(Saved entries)
——

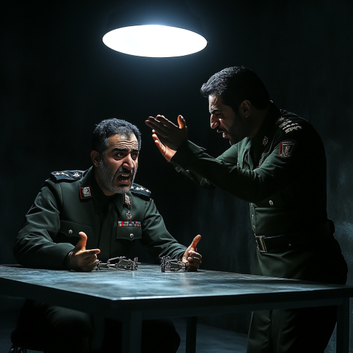 A dark, tense interrogation room in Iran, with a normal civilian sitting at the table, their hands in handcuffs, illuminated by a single, harsh overhead light. An IRGC officer in military uniform is aggressively leaning forward, shouting in the face of the seated person, one hand slamming down on the table, the other pointing at them. The officer’s expression is furious, eyes wide with intensity, creating a terrifying and intimidating presence. The room is stark, cold, and minimalist, with concrete walls. High contrast lighting, cinematic tension, and a moody atmosphere, capturing the fear and intensity of the civilian being interrogated
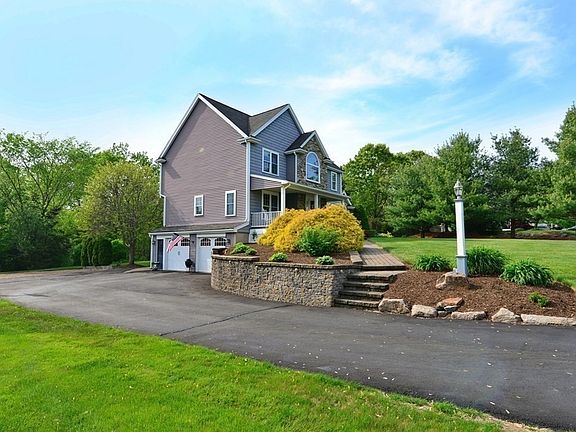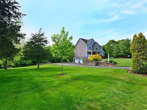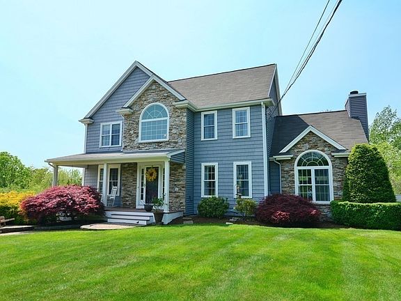 In a quiet double cul-de-sac neighborhood, this picturesque Colonial sits on a beautifully landscaped lot. A detailed stone walkway leads to the front porch. Enter an open foyer flanked by a living room w/french doors and dining room enhanced w/crown molding and wainscoting. The spacious kitchen boasts custom cabinetry, granite counters, double wall ovens and many built-ins. A sun soaked 3 season room abuts the kitchen. The open family room has cathedral ceilings and a gas fireplace. A half bath and office/pantry finish the main floor. Upstairs is the primary suite w/vaulted ceilings, a walk-in closet and stunning updated bath w/steam shower. Two ample bedrooms and a full bath w/laundry complete this level. The home has a 4-bed septic and plenty of flex space to accommodate a 4th bedroom. The finished basement offers storage, a half bath and slider opening to a covered patio, pergola, shed, and fire pit.  Welcome Home!
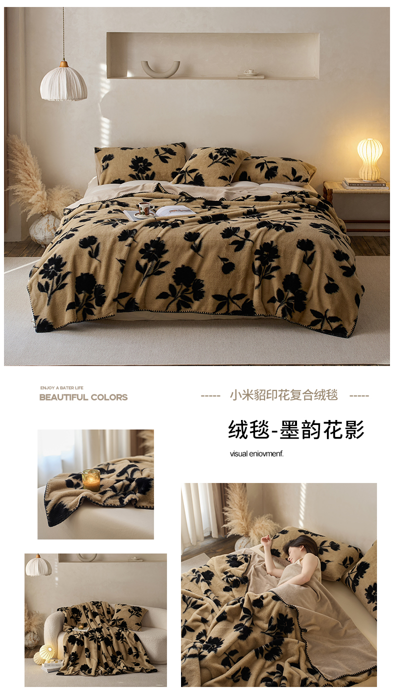 商品名称:宜代光年 2025新款小米貂印花复合绒毯毯子-系列一 绒毯-墨韵花影
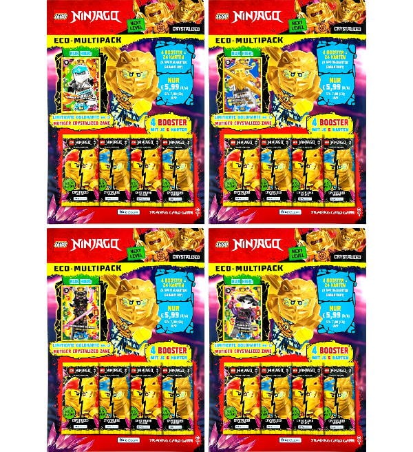 Alle 4 verschiedenen "Lego Ninjago Serie 8 NEXT LEVEL Eco-Multipack" mit insgesamt 16 Tüten (=96 Karten) und diesen 4 LE-Karten:
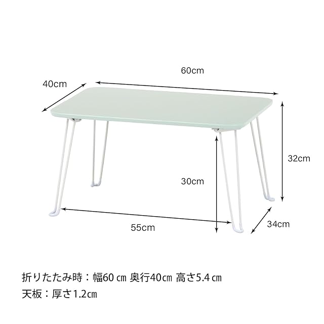 不二貿易 ローテーブル 折りたたみテーブル くすみカラー 幅60×奥行40×高さ32cm コンパクト収納 グリーン クレール 85382

——

* _What you will do_
Restate the records above word for word. Skip every picture.

* _Exercise output_
 A dark, tense interrogation room in Iran, with a normal civilian sitting at the table, their hands in handcuffs, illuminated by a single, harsh overhead light. An IRGC officer in military uniform is aggressively leaning forward, shouting in the face of the seated person, one hand slamming down on the table, the other pointing at them. The officer’s expression is furious, eyes wide with intensity, creating a terrifying and intimidating presence. The room is stark, cold, and minimalist, with concrete walls. High contrast lighting, cinematic tension, and a moody atmosphere, capturing the fear and intensity of the civilian being interrogated
 In a quiet double cul-de-sac neighborhood, this picturesque Colonial sits on a beautifully landscaped lot. A detailed stone walkway leads to the front porch. Enter an open foyer flanked by a living room w/french doors and dining room enhanced w/crown molding and wainscoting. The spacious kitchen boasts custom cabinetry, granite counters, double wall ovens and many built-ins. A sun soaked 3 season room abuts the kitchen. The open family room has cathedral ceilings and a gas fireplace. A half bath and office/pantry finish the main floor. Upstairs is the primary suite w/vaulted ceilings, a walk-in closet and stunning updated bath w/steam shower. Two ample bedrooms and a full bath w/laundry complete this level. The home has a 4-bed septic and plenty of flex space to accommodate a 4th bedroom. The finished basement offers storage, a half bath and slider opening to a covered patio, pergola, shed, and fire pit.  Welcome Home!
 商品名称:宜代光年 2025新款小米貂印花复合绒毯毯子-系列一 绒毯-墨韵花影
 Alle 4 verschiedenen "Lego Ninjago Serie 8 NEXT LEVEL Eco-Multipack" mit insgesamt 16 Tüten (=96 Karten) und diesen 4 LE-Karten:
 不二貿易 ローテーブル 折りたたみテーブル くすみカラー 幅60×奥行40×高さ32cm コンパクト収納 グリーン クレール 85382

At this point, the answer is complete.